═══ Material provided
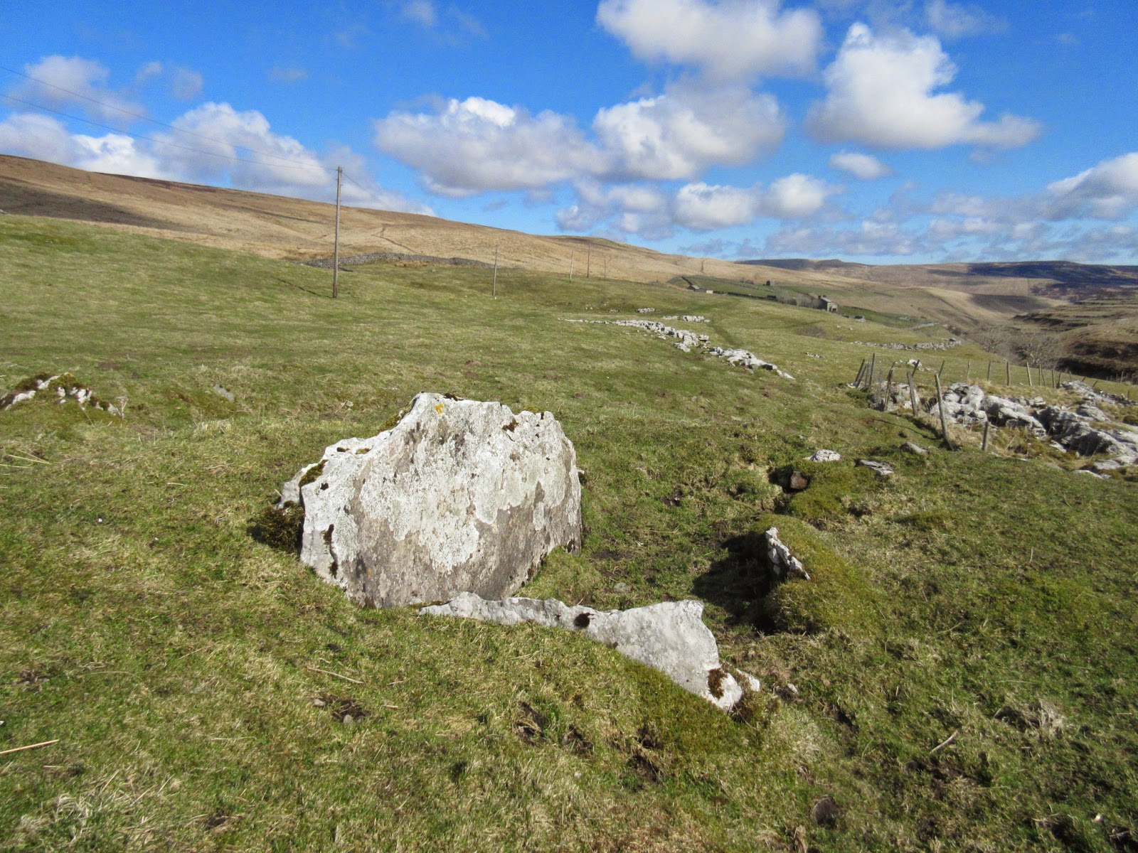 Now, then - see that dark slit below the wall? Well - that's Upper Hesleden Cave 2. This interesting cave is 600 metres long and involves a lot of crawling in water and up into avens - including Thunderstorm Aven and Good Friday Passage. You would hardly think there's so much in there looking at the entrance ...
══════
═══ Material provided
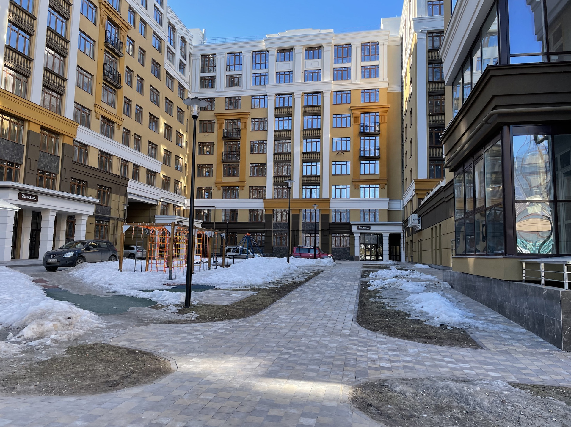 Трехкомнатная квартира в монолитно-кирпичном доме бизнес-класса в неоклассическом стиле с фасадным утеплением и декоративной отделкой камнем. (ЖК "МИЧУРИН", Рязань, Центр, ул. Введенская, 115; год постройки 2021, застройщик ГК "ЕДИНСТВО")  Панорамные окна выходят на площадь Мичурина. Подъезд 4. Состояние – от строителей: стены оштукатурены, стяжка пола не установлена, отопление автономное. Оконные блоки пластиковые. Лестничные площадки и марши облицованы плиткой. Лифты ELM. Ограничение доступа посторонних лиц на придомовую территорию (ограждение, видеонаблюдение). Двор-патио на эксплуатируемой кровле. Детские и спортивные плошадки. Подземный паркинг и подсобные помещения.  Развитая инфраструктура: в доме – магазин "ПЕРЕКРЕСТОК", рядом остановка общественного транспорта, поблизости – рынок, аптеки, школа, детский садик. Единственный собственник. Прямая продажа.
══════
═══ Material provided
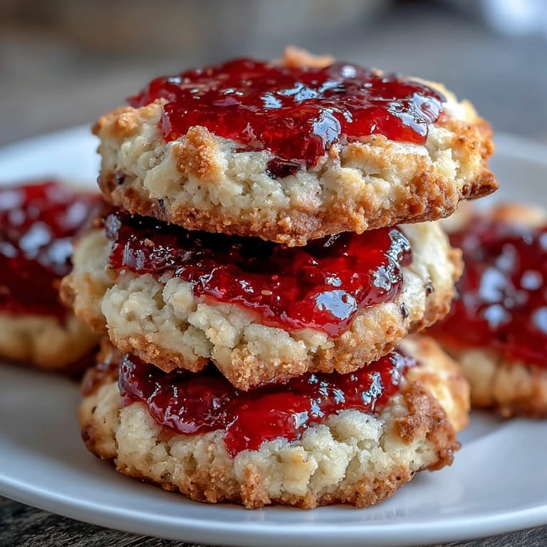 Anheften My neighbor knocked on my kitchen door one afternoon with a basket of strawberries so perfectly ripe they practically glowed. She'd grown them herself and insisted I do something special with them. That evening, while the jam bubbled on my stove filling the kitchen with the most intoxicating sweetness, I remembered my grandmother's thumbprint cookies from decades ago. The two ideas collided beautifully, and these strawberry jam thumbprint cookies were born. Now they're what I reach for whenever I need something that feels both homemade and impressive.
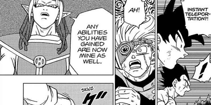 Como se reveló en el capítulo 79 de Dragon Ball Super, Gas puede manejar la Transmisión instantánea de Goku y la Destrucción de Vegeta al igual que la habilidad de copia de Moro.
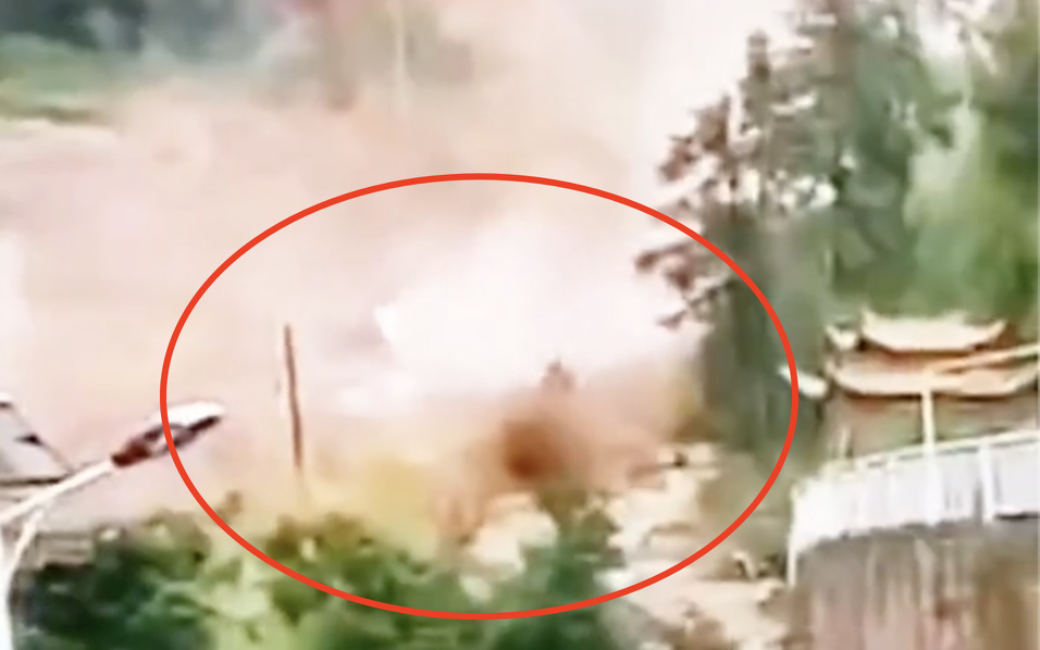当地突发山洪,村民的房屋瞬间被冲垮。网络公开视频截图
══════
Working from the entries above, please transcribe only the lines from the line with "Anheften My neighbor" through the line with "当地突发山洪,村民的房屋瞬间被冲垮。网络公开视频截图", exactly, with both end lines and without pictures.

 Anheften My neighbor knocked on my kitchen door one afternoon with a basket of strawberries so perfectly ripe they practically glowed. She'd grown them herself and insisted I do something special with them. That evening, while the jam bubbled on my stove filling the kitchen with the most intoxicating sweetness, I remembered my grandmother's thumbprint cookies from decades ago. The two ideas collided beautifully, and these strawberry jam thumbprint cookies were born. Now they're what I reach for whenever I need something that feels both homemade and impressive.
 Como se reveló en el capítulo 79 de Dragon Ball Super, Gas puede manejar la Transmisión instantánea de Goku y la Destrucción de Vegeta al igual que la habilidad de copia de Moro.
当地突发山洪,村民的房屋瞬间被冲垮。网络公开视频截图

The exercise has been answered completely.